In the event of difficulty, action should be taken in accordance with the relevant Safety Data Sheets issued by and available from Randox.
IN ALL INSTANCES MEDICAL ATTENTION SHOULD BE SOUGHT PROMPTLY.
9.1 Product information, whether verbal or written, is given without any obligation as regards industrial property rights, of any third parties.
9.2 Notification to the Seller of open defects of goods shall only be admissible if immediately made in writing, as per clause 6.1, stating the invoice number and date, and the markings on the packaging.
9.3 Upon written request of the Seller, the Buyer shall immediately supply samples of the defective goods.
9.4 Notification to the Seller of hidden defects must immediately be made in writing, however, no later than three (3) days after discovery of such defects. This does not affect the statutory periods of limitation.
9.5 Claims of the Buyer which are acknowledged by the Seller shall oblige the Seller to make satisfactory substitute delivery only; the Buyer shall not be entitled to reduce the sales price or to with hold payment.
9.6 In case of defective substitute delivery the Buyer may, however, cancel the contract or reduce the purchase price.
10.1 Ownership of goods is retained by the Seller until goods are paid for in full. The responsibility for insurance and care of goods, including 3rd party risks is with the Buyer.
11.1 The Buyer shall not have the right to claim damages for any slight breach of duty by the Seller, its managerial staff or other agents, unless the breach concerns a duty which is of major importance for the performance of the contract.
11.2 The Seller shall only be liable for indirect damage or damage which could not be foreseen at the time of the conclusion of the contract if such damage is due to gross negligence on the part of the Seller or one of its managerial employees. The statutory rights of the Seller shall remain unaffected.
12.1 All goods supplied by the Seller shall remain the property of the Seller until all outstanding debts, including current account debts payable by the Buyer, have been paid in full.
12.2 The Buyer shall, however, be entitled to dispose of the goods in the normal course of business, provided that it is not in arrears with any payment still due to the Seller.

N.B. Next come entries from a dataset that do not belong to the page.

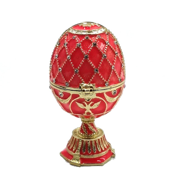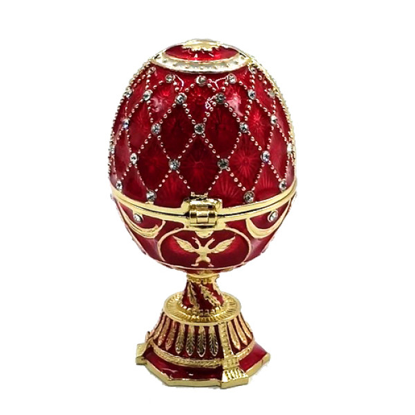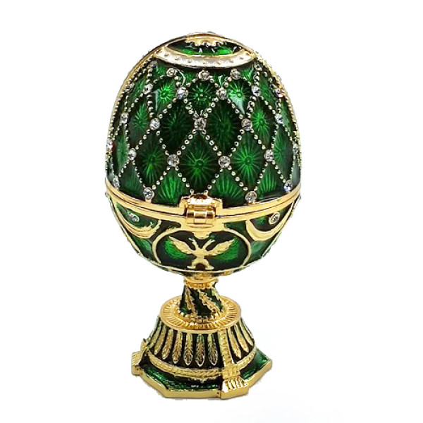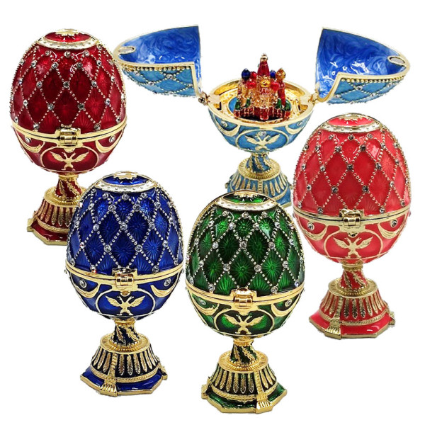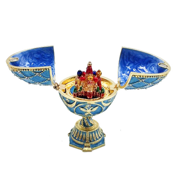 Яйцо-шкатулка под Фаберже, внутри с храмом Василия Блаженного на магните. Изготовлено из металла, покрыто цветной эмалью, украшено стразами.
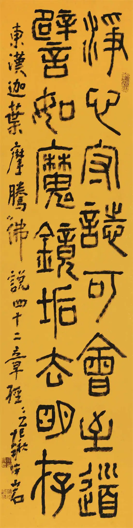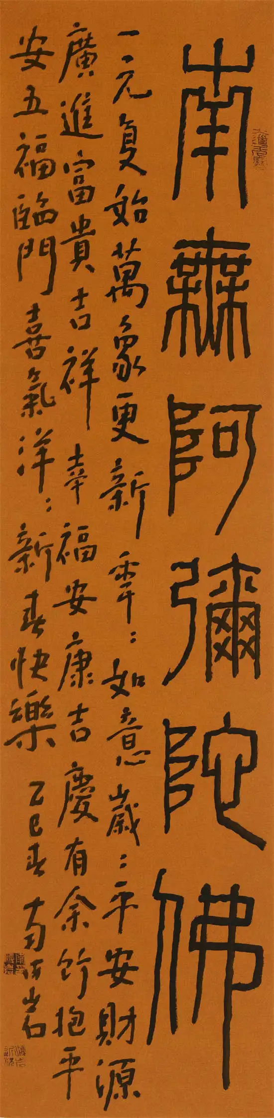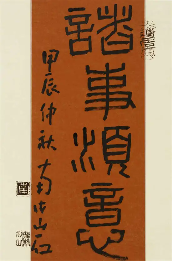 古人云:「书画同源」「书之妙道,神采为上,形质次之,兼之者方可绍于古人」。无疑,南海岩是真正理解这些话的。他虽为一位画家,却有着书家的担当,并无时不在努力锤炼着笔墨功夫,而今已取得了很大的成功。其实,他的书法作品里所呈现出来的丈夫气、金石味和帝王相,不正是最好的验证吗?不正是古今所有书家孜孜以求的神采吗?众所周知,书法中神采的获得,一方面依赖于创作技艺的精熟,另一方面取决于创作过程中的心手双畅,以及作者知识修养和审美趣味的自然焕发。不难看出,南海岩在进行书法创作时,一同满足了这两个方面的要求。因此在欣赏他的作品时我们会发现,无论从整体到局部,还是从局部到整体,无论是静态的接触,还是动态的阅读,无论是形象的获取,还是具象的领会,无论是表面的感观,还是内涵的外延,他的书法总能给人以美的享受,而这种美更多的是一种精神层面上的美,是一种直达心灵深处的大爱之美。
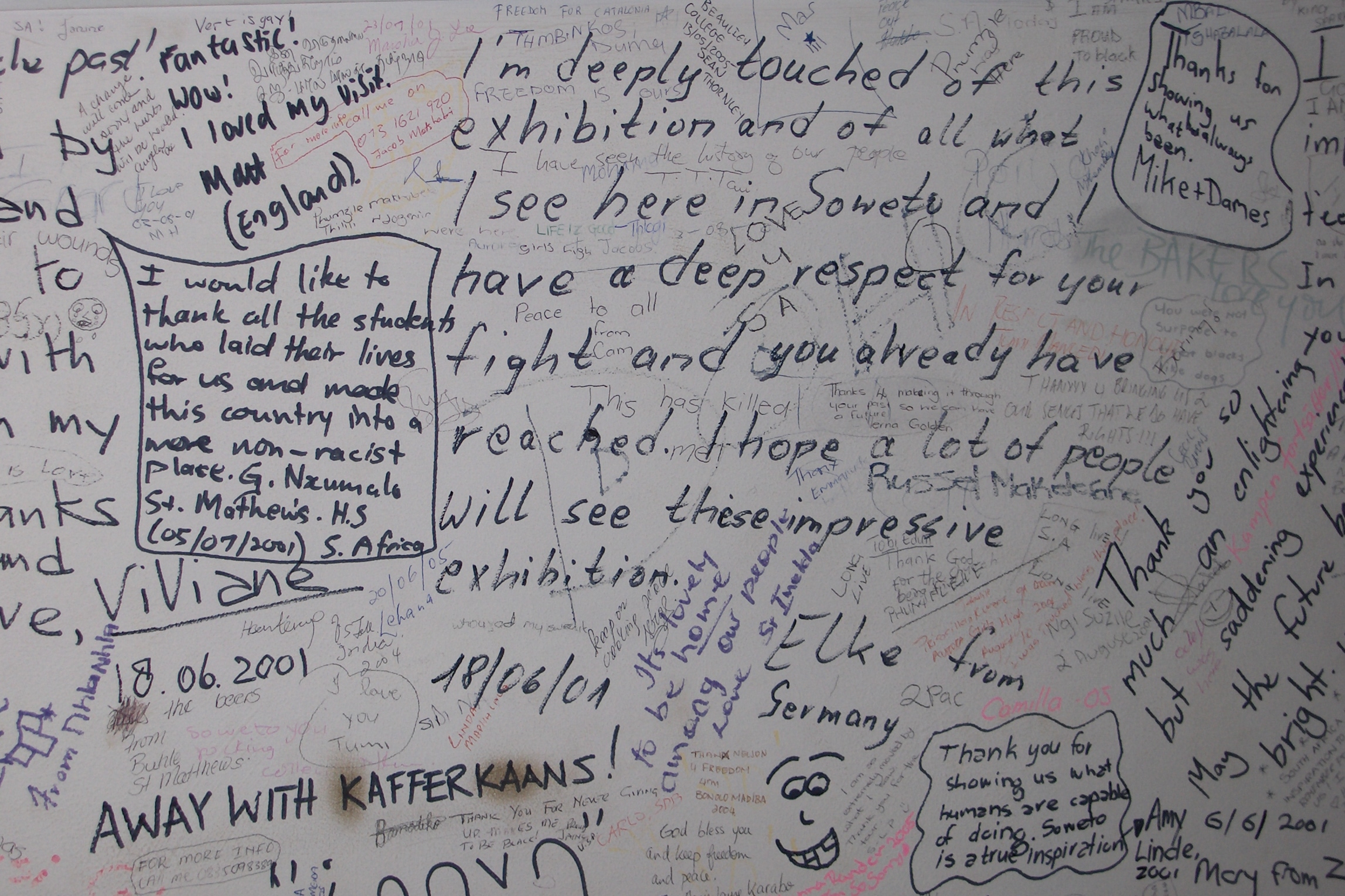 While the church has no significance architecturally (vintage 1950s or 1960s style) walking into this place sends chills down one’s spine as though one were entering Notre Dame in Paris. I think Regina Mundi has as much history as Notre Dame except that it is crammed into 50 years instead of 900. Inside, one finds scars of police raids in the 1980s when white police officers stormed the church and fired shots into the ceilings and walls. Our guide lifted the linen off the altar to reveal a large chunk of missing marble – the result of an angry police officer who struck the altar with his billy club. Upstairs, where one would normally find a choir loft, was a remarkable photo gallery of a famous South African photographer who chronicled the history of the struggle over a 50-year period with his camera. We were fascinated by these photos, so much so that our guide Mandy had to come and find us and drag us out because we were dawdling too much.

12.3 If the Buyer does not make timely payments or if the Buyer suspends payment, the Buyer shall no longer be entitled to dispose of the Seller’s goods. The Buyer will then have a period of thirty (30) days in which to make all or any outstanding payments to Seller. Subject to these funds being paid, the Buyer will then and only then be allowed to dispose of the goods. If the thirty (30) days have passed, and no payments have been made, the Buyer must return the goods to the Supplier at the expense of the Buyer.
13.1 Place of performance with respect to delivery is the particular place from where goods are to be dispatched; with respect to payment it is Crumlin, United Kingdom.
14.1 The law of the United Kingdom shall apply. Place of jurisdiction and venue is Belfast, United Kingdom. The Seller shall furthermore be entitled to sue the Buyer at the Buyer’s general place of jurisdiction.
15.1 Any warranties, modifications, alterations or amendments of the contract are valid only if confirmed by the Seller in writing.
15.2 Should any terms or provision hereof or any other contractual stipulations be partially or totally invalid or unenforceable, then such term or provision shall be replaced by terms and provisions relating to the economic purpose of such terms or provisions as closely as possible.
15.3 Such invalidity or amendment to any term or provision hereof or of the contract shall not affect the validity of these terms of delivery and payments or of the contract as a whole, nor of any other terms or provisions thereof in particular.